Last week was marked by fears of the U.S. staging a military attack on Syria. Currency, commodity, stock and bond markets may be volatile over next few months because of several factors: political tensions in the Middle East, the U.S. Federal Reserve should begin tapering its bond purchases over the next few weeks, the U.S. government’s debt ceiling and budget will be back in the news, and the massive devaluation of many emerging market currencies. Given this volatility looming ahead, you may want to take advantage of the end of the vacation period to place orders with your trader and review your hedging strategy. Have a good week! Philippe Shebib
The Loonie
“Every choice you make has an end result.” Zig Ziglar
In the next few months we will see the end of another chapter of history: on January 31, 2014 Ben Bernanke’s mandate will end, after eight tumultuous years at the head of the Federal Reserve. Within the next few weeks, President Obama will need to make the difficult choice of naming a new head of the U.S, Federal Reserve. Independent of who is chosen, one thing is certain: the new Chairman will take over the reins in a challenging environment in which the economy is struggling to reach pre-crisis levels and exceptional expansionary measures affecting all asset classes are supposed to be gradually withdrawn.
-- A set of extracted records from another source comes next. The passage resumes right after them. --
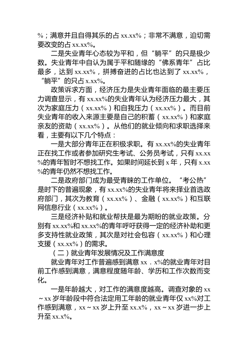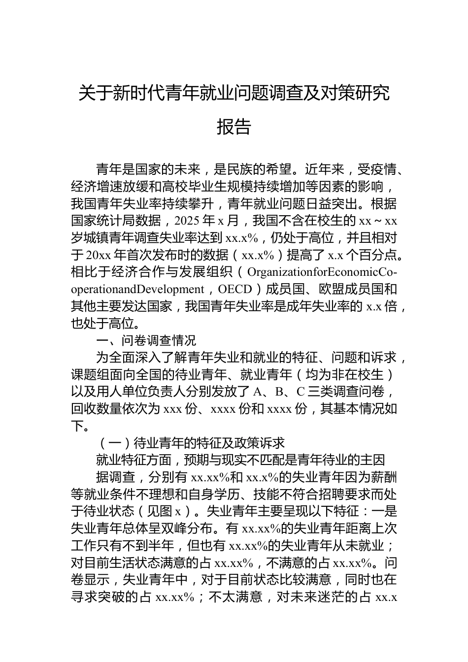 關于新時代青年就業(yè)問題調查及對策研究報告青年是國家的未來,是民族的希望。近年來,受疫情、經濟增速放緩和高校畢業(yè)生規(guī)模持續(xù)增加等因素的影響,我國青年失業(yè)率持續(xù)攀升,青年就業(yè)問題日益突出。根據國家統(tǒng)計局數據,2025年x月,我國不含在校生的xx~xx歲城鎮(zhèn)青年調查失業(yè)率達到xx.x%,仍處于高位,并且相對于20xx年首次發(fā)布時的數據(xx.x%)提高了x.x個百分點。相比于經濟合作與發(fā)展組織(OrganizationforEconomicCo-operationandDevelopment,OECD)成員國、歐盟成員國和其他主要發(fā)達國家,我國青年失業(yè)率是成年失業(yè)率的x.x倍,也處于高位。一、問卷調查情況為全面...
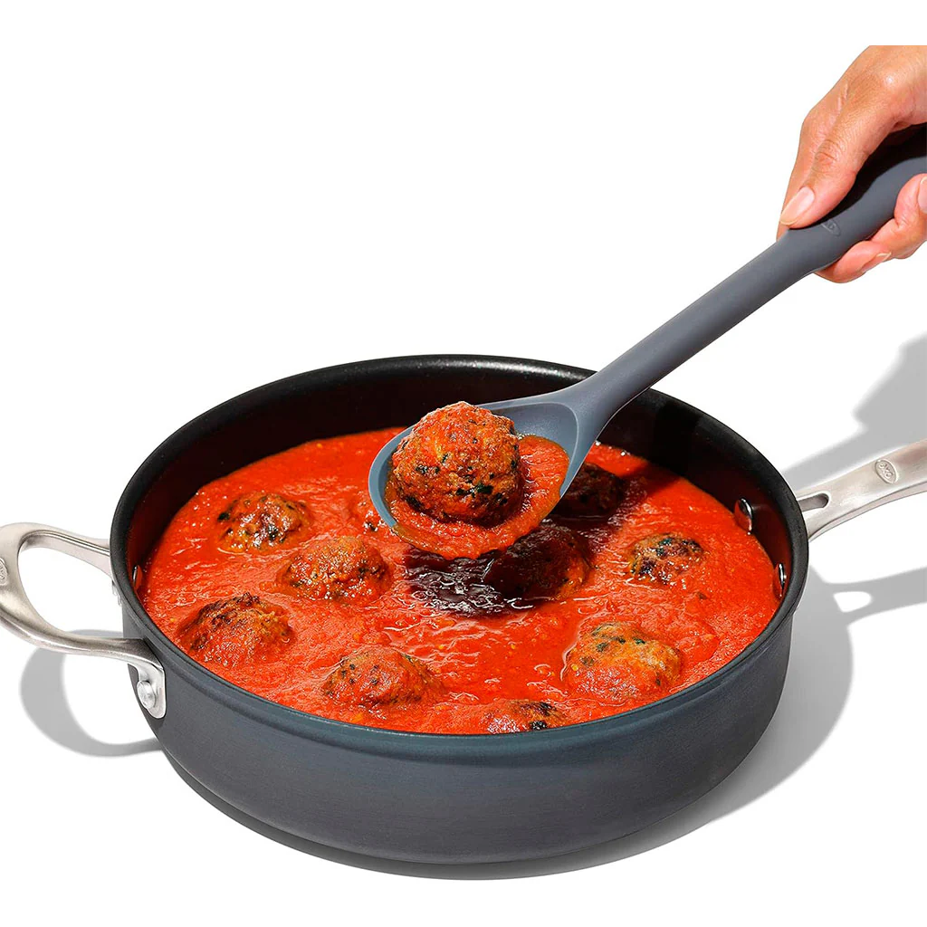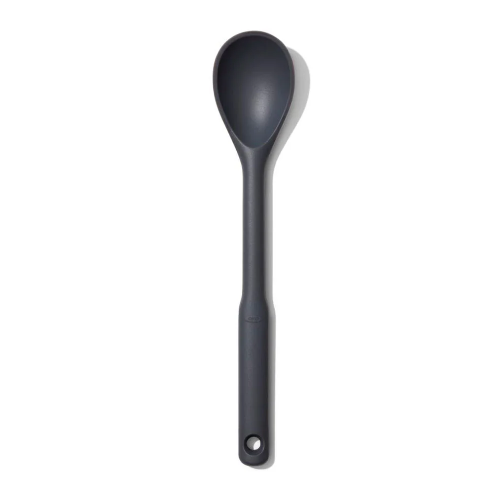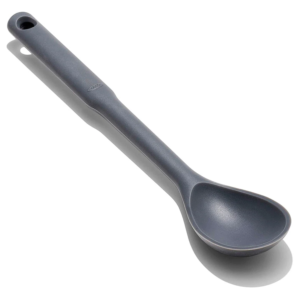 La Cuchara de silicona OXO es un utensilio imprescindible a la hora de remover tus preparaciones en la sartén y cacerola, e ideal para servir ensaladas, legumbres, arroces… Resulta perfecta para recoger el jugo de guisos y asados y rociar las carnes o pescados que estés cocinando. ¡Es muy versátil!
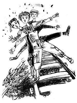 “这不可能!”孩子们都不相信他们的老师,于是约翰和杰克手牵手来到平行的铁轨边,各自踏上一条铁轨,手拉手,身体稍向外倾斜,靠伙伴的拉力保持着平衡。只见他们毫不费力地在铁轨上走着,平稳极了。
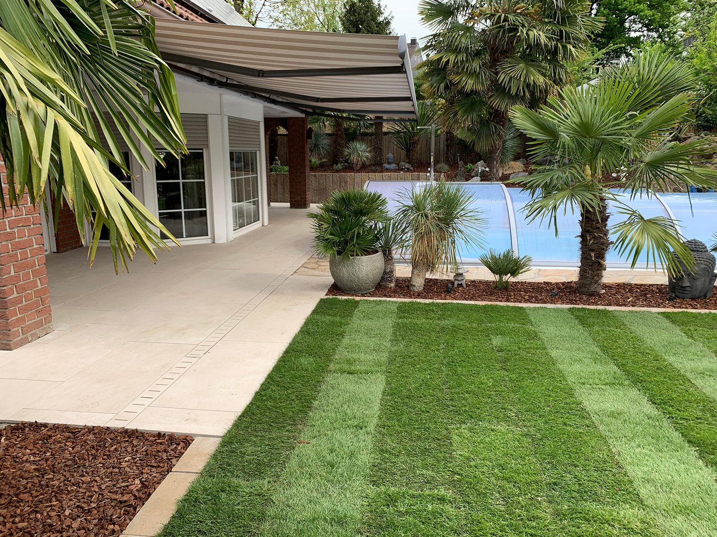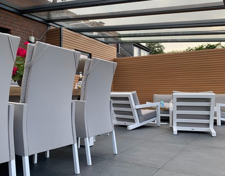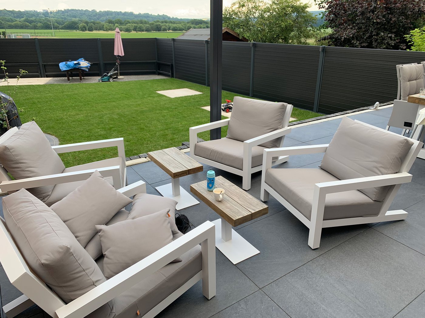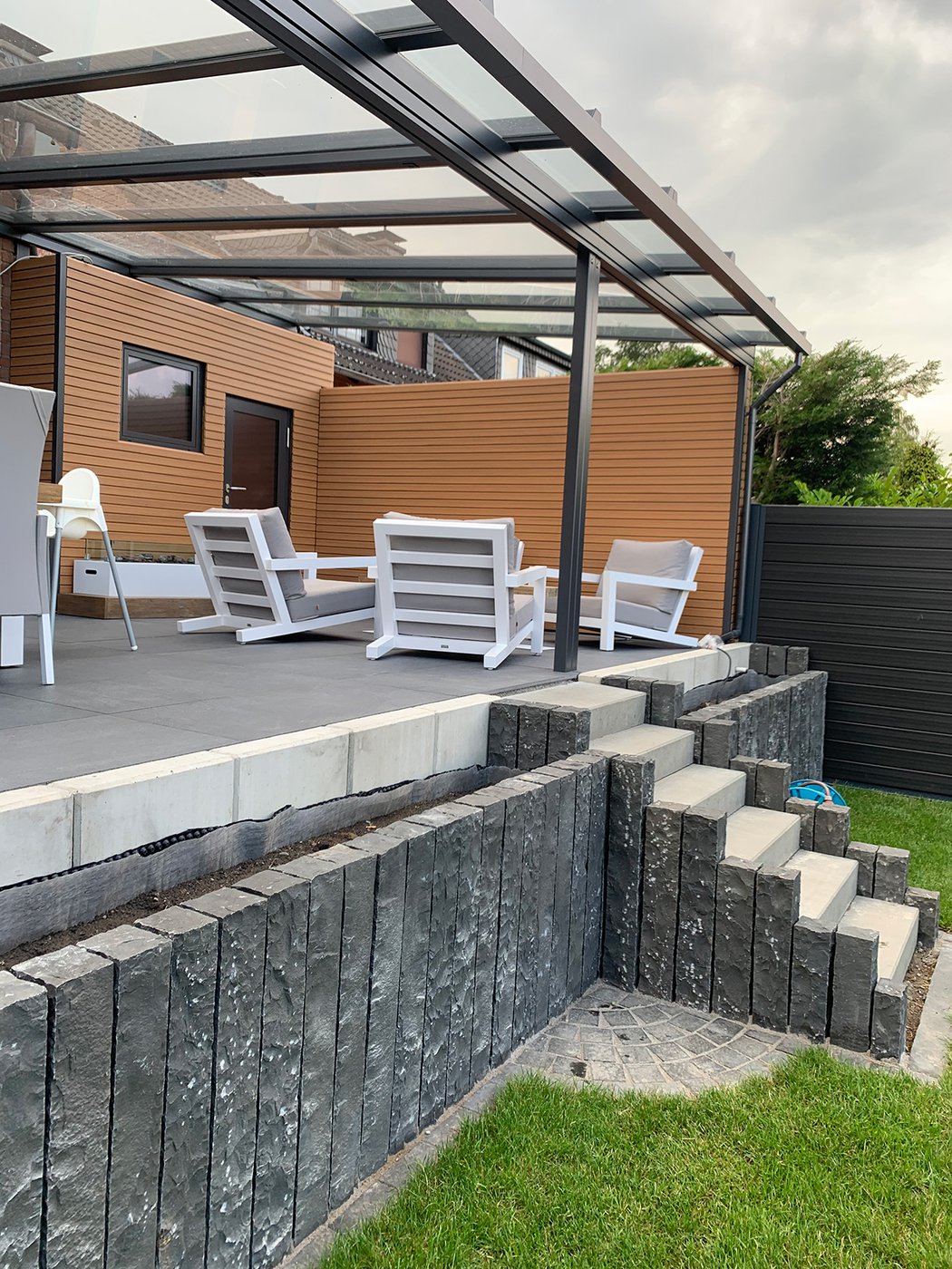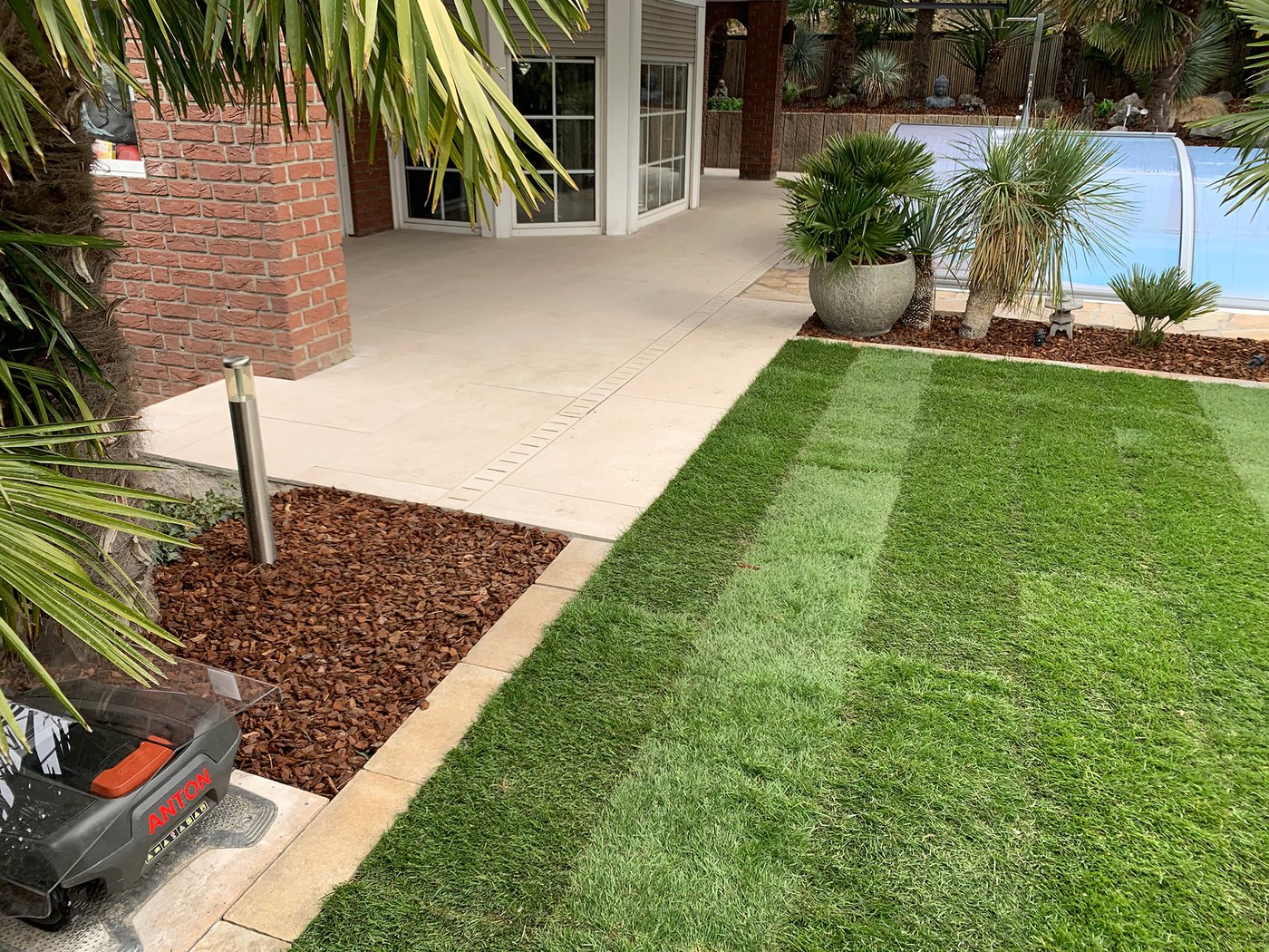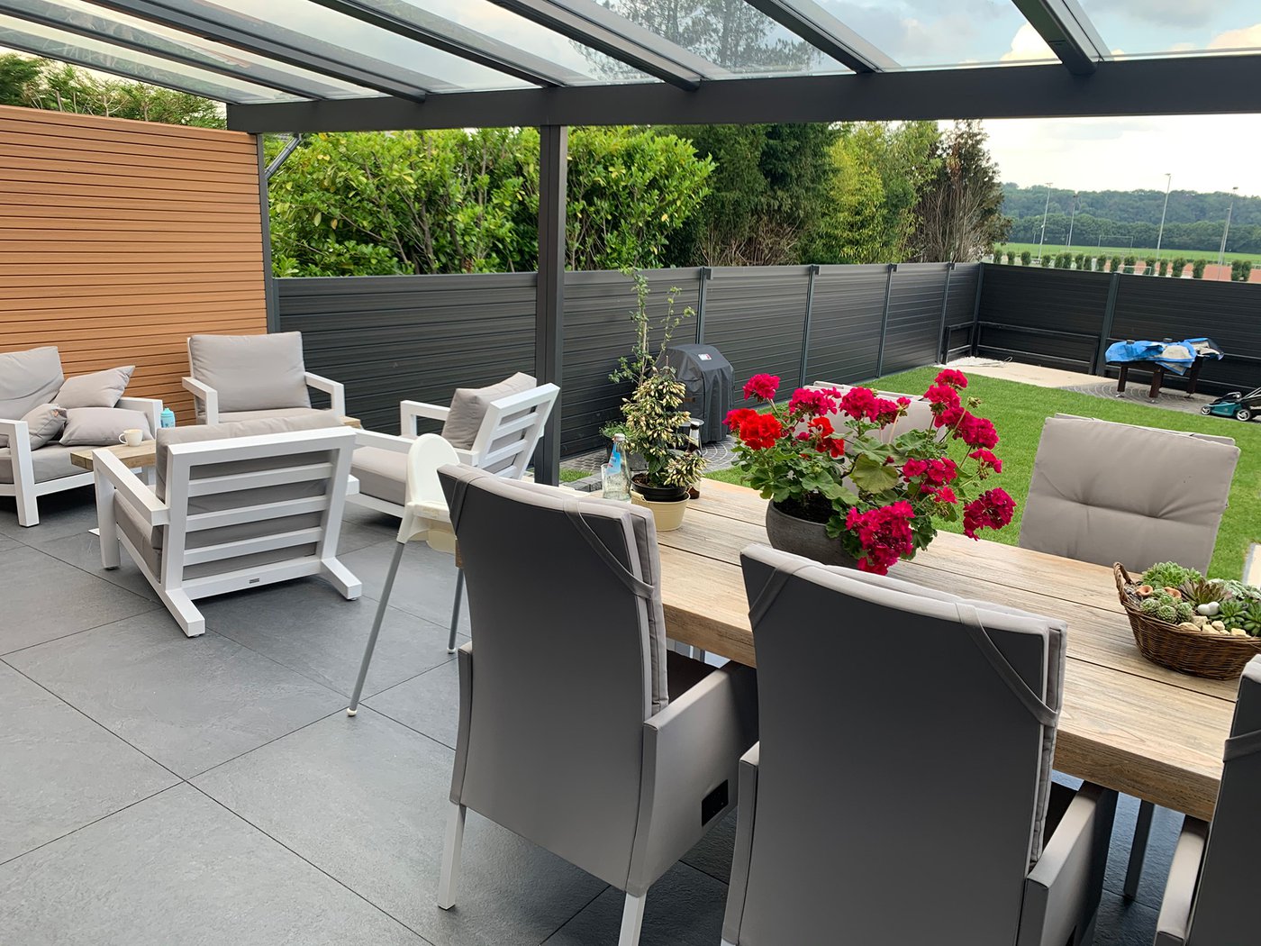 Con el tono beige, Matrix transmite una atmósfera elegante y mediterránea al jardín de la entrada y a la zona de la piscina, donde se requiere máxima seguridad y prestaciones antideslizantes. En el patio trasero, con zona de relajación y barbacoa, encontramos la variante Dark, que imprime un carácter más moderno y atrevido.

At this time, two potential candidates have been identified to replace Dr. Bernanke: Janet Yellen and Lawrence Summers. Both are academic economists, and they offer slightly different track records that are equally impressive. Who best fits the bill depends on whose survey you consult, but a recent Bloomberg survey of 63 economists found that 65% favoured Ms. Yellen. Paddy Power, an online betting site, gives Mr. Summers 66.7% odds and Ms.